** Exercise **
Can you transcribe every record below exactly as it appears?

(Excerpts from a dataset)

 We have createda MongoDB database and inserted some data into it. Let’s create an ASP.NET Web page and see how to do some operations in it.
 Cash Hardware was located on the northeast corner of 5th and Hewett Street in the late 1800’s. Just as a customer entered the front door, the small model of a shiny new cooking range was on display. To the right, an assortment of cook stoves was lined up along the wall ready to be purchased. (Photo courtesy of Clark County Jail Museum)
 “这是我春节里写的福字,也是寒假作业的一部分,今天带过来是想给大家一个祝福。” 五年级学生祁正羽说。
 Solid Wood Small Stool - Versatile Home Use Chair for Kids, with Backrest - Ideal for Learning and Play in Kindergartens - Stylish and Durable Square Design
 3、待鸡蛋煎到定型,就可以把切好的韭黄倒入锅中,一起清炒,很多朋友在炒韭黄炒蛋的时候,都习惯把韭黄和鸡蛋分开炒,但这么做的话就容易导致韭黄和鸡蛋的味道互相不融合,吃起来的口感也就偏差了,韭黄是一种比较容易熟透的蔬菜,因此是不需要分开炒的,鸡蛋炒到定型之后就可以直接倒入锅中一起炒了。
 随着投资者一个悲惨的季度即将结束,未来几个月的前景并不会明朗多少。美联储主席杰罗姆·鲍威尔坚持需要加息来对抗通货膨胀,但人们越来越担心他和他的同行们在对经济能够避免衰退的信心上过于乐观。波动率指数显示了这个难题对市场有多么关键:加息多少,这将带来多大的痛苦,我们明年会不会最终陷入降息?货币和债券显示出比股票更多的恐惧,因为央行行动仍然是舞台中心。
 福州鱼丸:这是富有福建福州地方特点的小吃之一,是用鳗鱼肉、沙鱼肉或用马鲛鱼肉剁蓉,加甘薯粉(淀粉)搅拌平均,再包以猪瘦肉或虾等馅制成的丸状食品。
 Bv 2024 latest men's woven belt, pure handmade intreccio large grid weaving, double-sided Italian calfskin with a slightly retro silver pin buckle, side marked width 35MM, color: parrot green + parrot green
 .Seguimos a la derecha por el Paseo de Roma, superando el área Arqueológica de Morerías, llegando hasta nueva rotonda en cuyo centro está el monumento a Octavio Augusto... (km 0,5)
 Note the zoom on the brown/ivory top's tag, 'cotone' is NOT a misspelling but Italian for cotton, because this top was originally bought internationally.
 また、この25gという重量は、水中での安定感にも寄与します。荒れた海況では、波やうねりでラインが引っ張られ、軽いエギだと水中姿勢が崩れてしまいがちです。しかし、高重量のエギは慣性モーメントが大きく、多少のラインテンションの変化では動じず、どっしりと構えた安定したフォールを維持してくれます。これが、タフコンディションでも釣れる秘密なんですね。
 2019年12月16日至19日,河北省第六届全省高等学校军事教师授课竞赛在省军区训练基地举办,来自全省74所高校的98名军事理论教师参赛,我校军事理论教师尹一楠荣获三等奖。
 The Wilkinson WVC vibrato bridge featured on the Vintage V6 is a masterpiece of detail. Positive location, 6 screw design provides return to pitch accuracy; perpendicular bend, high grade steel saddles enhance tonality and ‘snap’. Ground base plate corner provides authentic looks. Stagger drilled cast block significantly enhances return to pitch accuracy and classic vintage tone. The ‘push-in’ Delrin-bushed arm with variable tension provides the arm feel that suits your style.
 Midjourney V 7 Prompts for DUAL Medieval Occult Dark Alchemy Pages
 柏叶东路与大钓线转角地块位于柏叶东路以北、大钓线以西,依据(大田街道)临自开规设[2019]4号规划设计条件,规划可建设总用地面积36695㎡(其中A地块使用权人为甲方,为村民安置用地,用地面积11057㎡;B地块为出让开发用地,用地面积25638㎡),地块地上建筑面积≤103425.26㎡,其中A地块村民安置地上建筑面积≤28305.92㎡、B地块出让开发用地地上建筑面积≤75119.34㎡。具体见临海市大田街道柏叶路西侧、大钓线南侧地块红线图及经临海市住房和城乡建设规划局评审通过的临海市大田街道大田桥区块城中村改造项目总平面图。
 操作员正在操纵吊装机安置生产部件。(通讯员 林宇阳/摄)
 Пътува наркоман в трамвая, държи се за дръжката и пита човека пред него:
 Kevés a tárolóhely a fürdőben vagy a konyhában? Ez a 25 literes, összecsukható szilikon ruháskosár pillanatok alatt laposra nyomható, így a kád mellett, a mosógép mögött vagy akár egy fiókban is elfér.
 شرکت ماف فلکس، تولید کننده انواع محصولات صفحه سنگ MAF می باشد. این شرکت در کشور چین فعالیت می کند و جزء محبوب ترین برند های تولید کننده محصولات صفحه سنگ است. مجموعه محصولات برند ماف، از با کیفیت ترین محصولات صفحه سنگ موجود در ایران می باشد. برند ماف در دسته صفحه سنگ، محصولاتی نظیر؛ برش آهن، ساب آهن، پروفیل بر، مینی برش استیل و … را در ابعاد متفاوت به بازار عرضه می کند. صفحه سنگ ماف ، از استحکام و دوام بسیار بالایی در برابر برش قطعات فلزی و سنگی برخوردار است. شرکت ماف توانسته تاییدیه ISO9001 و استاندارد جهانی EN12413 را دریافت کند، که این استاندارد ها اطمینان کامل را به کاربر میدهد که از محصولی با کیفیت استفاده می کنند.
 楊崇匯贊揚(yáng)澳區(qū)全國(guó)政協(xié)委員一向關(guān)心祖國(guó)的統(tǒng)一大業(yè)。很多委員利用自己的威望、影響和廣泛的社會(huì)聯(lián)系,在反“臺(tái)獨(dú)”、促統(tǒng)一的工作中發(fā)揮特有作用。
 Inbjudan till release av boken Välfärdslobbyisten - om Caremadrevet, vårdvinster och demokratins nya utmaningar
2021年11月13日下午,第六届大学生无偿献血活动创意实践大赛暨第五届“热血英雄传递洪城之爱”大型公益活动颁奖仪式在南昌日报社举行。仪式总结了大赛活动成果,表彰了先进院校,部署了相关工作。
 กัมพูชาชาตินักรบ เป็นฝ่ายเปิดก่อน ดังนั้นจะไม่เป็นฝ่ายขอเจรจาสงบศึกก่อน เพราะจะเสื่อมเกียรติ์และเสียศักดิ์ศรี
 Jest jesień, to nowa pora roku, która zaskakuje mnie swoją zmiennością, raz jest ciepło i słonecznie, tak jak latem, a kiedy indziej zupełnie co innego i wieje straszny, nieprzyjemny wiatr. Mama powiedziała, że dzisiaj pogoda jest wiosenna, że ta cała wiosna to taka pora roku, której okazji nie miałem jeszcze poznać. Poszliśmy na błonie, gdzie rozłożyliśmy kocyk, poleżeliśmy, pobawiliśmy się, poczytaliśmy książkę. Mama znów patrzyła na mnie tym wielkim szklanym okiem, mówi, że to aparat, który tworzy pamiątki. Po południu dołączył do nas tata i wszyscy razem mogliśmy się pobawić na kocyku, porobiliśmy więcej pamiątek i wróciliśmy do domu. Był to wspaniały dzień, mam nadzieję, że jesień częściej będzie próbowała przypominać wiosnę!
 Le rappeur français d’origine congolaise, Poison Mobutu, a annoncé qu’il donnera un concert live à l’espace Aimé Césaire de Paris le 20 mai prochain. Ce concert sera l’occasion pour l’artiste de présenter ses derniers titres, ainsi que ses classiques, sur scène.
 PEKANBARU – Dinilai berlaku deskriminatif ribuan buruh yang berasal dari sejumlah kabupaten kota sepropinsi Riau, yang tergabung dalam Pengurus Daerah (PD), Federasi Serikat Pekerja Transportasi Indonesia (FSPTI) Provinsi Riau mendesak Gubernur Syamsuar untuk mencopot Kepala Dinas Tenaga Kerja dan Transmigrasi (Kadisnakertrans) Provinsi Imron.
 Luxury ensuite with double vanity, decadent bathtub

** Output of the exercise **
 We have createda MongoDB database and inserted some data into it. Let’s create an ASP.NET Web page and see how to do some operations in it.
 Cash Hardware was located on the northeast corner of 5th and Hewett Street in the late 1800’s. Just as a customer entered the front door, the small model of a shiny new cooking range was on display. To the right, an assortment of cook stoves was lined up along the wall ready to be purchased. (Photo courtesy of Clark County Jail Museum)
 “这是我春节里写的福字,也是寒假作业的一部分,今天带过来是想给大家一个祝福。” 五年级学生祁正羽说。
 Solid Wood Small Stool - Versatile Home Use Chair for Kids, with Backrest - Ideal for Learning and Play in Kindergartens - Stylish and Durable Square Design
 3、待鸡蛋煎到定型,就可以把切好的韭黄倒入锅中,一起清炒,很多朋友在炒韭黄炒蛋的时候,都习惯把韭黄和鸡蛋分开炒,但这么做的话就容易导致韭黄和鸡蛋的味道互相不融合,吃起来的口感也就偏差了,韭黄是一种比较容易熟透的蔬菜,因此是不需要分开炒的,鸡蛋炒到定型之后就可以直接倒入锅中一起炒了。
 随着投资者一个悲惨的季度即将结束,未来几个月的前景并不会明朗多少。美联储主席杰罗姆·鲍威尔坚持需要加息来对抗通货膨胀,但人们越来越担心他和他的同行们在对经济能够避免衰退的信心上过于乐观。波动率指数显示了这个难题对市场有多么关键:加息多少,这将带来多大的痛苦,我们明年会不会最终陷入降息?货币和债券显示出比股票更多的恐惧,因为央行行动仍然是舞台中心。
 福州鱼丸:这是富有福建福州地方特点的小吃之一,是用鳗鱼肉、沙鱼肉或用马鲛鱼肉剁蓉,加甘薯粉(淀粉)搅拌平均,再包以猪瘦肉或虾等馅制成的丸状食品。
 Bv 2024 latest men's woven belt, pure handmade intreccio large grid weaving, double-sided Italian calfskin with a slightly retro silver pin buckle, side marked width 35MM, color: parrot green + parrot green
 .Seguimos a la derecha por el Paseo de Roma, superando el área Arqueológica de Morerías, llegando hasta nueva rotonda en cuyo centro está el monumento a Octavio Augusto... (km 0,5)
 Note the zoom on the brown/ivory top's tag, 'cotone' is NOT a misspelling but Italian for cotton, because this top was originally bought internationally.
 また、この25gという重量は、水中での安定感にも寄与します。荒れた海況では、波やうねりでラインが引っ張られ、軽いエギだと水中姿勢が崩れてしまいがちです。しかし、高重量のエギは慣性モーメントが大きく、多少のラインテンションの変化では動じず、どっしりと構えた安定したフォールを維持してくれます。これが、タフコンディションでも釣れる秘密なんですね。
 2019年12月16日至19日,河北省第六届全省高等学校军事教师授课竞赛在省军区训练基地举办,来自全省74所高校的98名军事理论教师参赛,我校军事理论教师尹一楠荣获三等奖。
 The Wilkinson WVC vibrato bridge featured on the Vintage V6 is a masterpiece of detail. Positive location, 6 screw design provides return to pitch accuracy; perpendicular bend, high grade steel saddles enhance tonality and ‘snap’. Ground base plate corner provides authentic looks. Stagger drilled cast block significantly enhances return to pitch accuracy and classic vintage tone. The ‘push-in’ Delrin-bushed arm with variable tension provides the arm feel that suits your style.
 Midjourney V 7 Prompts for DUAL Medieval Occult Dark Alchemy Pages
 柏叶东路与大钓线转角地块位于柏叶东路以北、大钓线以西,依据(大田街道)临自开规设[2019]4号规划设计条件,规划可建设总用地面积36695㎡(其中A地块使用权人为甲方,为村民安置用地,用地面积11057㎡;B地块为出让开发用地,用地面积25638㎡),地块地上建筑面积≤103425.26㎡,其中A地块村民安置地上建筑面积≤28305.92㎡、B地块出让开发用地地上建筑面积≤75119.34㎡。具体见临海市大田街道柏叶路西侧、大钓线南侧地块红线图及经临海市住房和城乡建设规划局评审通过的临海市大田街道大田桥区块城中村改造项目总平面图。
 操作员正在操纵吊装机安置生产部件。(通讯员 林宇阳/摄)
 Пътува наркоман в трамвая, държи се за дръжката и пита човека пред него:
 Kevés a tárolóhely a fürdőben vagy a konyhában? Ez a 25 literes, összecsukható szilikon ruháskosár pillanatok alatt laposra nyomható, így a kád mellett, a mosógép mögött vagy akár egy fiókban is elfér.
 شرکت ماف فلکس، تولید کننده انواع محصولات صفحه سنگ MAF می باشد. این شرکت در کشور چین فعالیت می کند و جزء محبوب ترین برند های تولید کننده محصولات صفحه سنگ است. مجموعه محصولات برند ماف، از با کیفیت ترین محصولات صفحه سنگ موجود در ایران می باشد. برند ماف در دسته صفحه سنگ، محصولاتی نظیر؛ برش آهن، ساب آهن، پروفیل بر، مینی برش استیل و … را در ابعاد متفاوت به بازار عرضه می کند. صفحه سنگ ماف ، از استحکام و دوام بسیار بالایی در برابر برش قطعات فلزی و سنگی برخوردار است. شرکت ماف توانسته تاییدیه ISO9001 و استاندارد جهانی EN12413 را دریافت کند، که این استاندارد ها اطمینان کامل را به کاربر میدهد که از محصولی با کیفیت استفاده می کنند.
 楊崇匯贊揚(yáng)澳區(qū)全國(guó)政協(xié)委員一向關(guān)心祖國(guó)的統(tǒng)一大業(yè)。很多委員利用自己的威望、影響和廣泛的社會(huì)聯(lián)系,在反“臺(tái)獨(dú)”、促統(tǒng)一的工作中發(fā)揮特有作用。
 Inbjudan till release av boken Välfärdslobbyisten - om Caremadrevet, vårdvinster och demokratins nya utmaningar
2021年11月13日下午,第六届大学生无偿献血活动创意实践大赛暨第五届“热血英雄传递洪城之爱”大型公益活动颁奖仪式在南昌日报社举行。仪式总结了大赛活动成果,表彰了先进院校,部署了相关工作。
 กัมพูชาชาตินักรบ เป็นฝ่ายเปิดก่อน ดังนั้นจะไม่เป็นฝ่ายขอเจรจาสงบศึกก่อน เพราะจะเสื่อมเกียรติ์และเสียศักดิ์ศรี
 Jest jesień, to nowa pora roku, która zaskakuje mnie swoją zmiennością, raz jest ciepło i słonecznie, tak jak latem, a kiedy indziej zupełnie co innego i wieje straszny, nieprzyjemny wiatr. Mama powiedziała, że dzisiaj pogoda jest wiosenna, że ta cała wiosna to taka pora roku, której okazji nie miałem jeszcze poznać. Poszliśmy na błonie, gdzie rozłożyliśmy kocyk, poleżeliśmy, pobawiliśmy się, poczytaliśmy książkę. Mama znów patrzyła na mnie tym wielkim szklanym okiem, mówi, że to aparat, który tworzy pamiątki. Po południu dołączył do nas tata i wszyscy razem mogliśmy się pobawić na kocyku, porobiliśmy więcej pamiątek i wróciliśmy do domu. Był to wspaniały dzień, mam nadzieję, że jesień częściej będzie próbowała przypominać wiosnę!
 Le rappeur français d’origine congolaise, Poison Mobutu, a annoncé qu’il donnera un concert live à l’espace Aimé Césaire de Paris le 20 mai prochain. Ce concert sera l’occasion pour l’artiste de présenter ses derniers titres, ainsi que ses classiques, sur scène.
 PEKANBARU – Dinilai berlaku deskriminatif ribuan buruh yang berasal dari sejumlah kabupaten kota sepropinsi Riau, yang tergabung dalam Pengurus Daerah (PD), Federasi Serikat Pekerja Transportasi Indonesia (FSPTI) Provinsi Riau mendesak Gubernur Syamsuar untuk mencopot Kepala Dinas Tenaga Kerja dan Transmigrasi (Kadisnakertrans) Provinsi Imron.
 Luxury ensuite with double vanity, decadent bathtub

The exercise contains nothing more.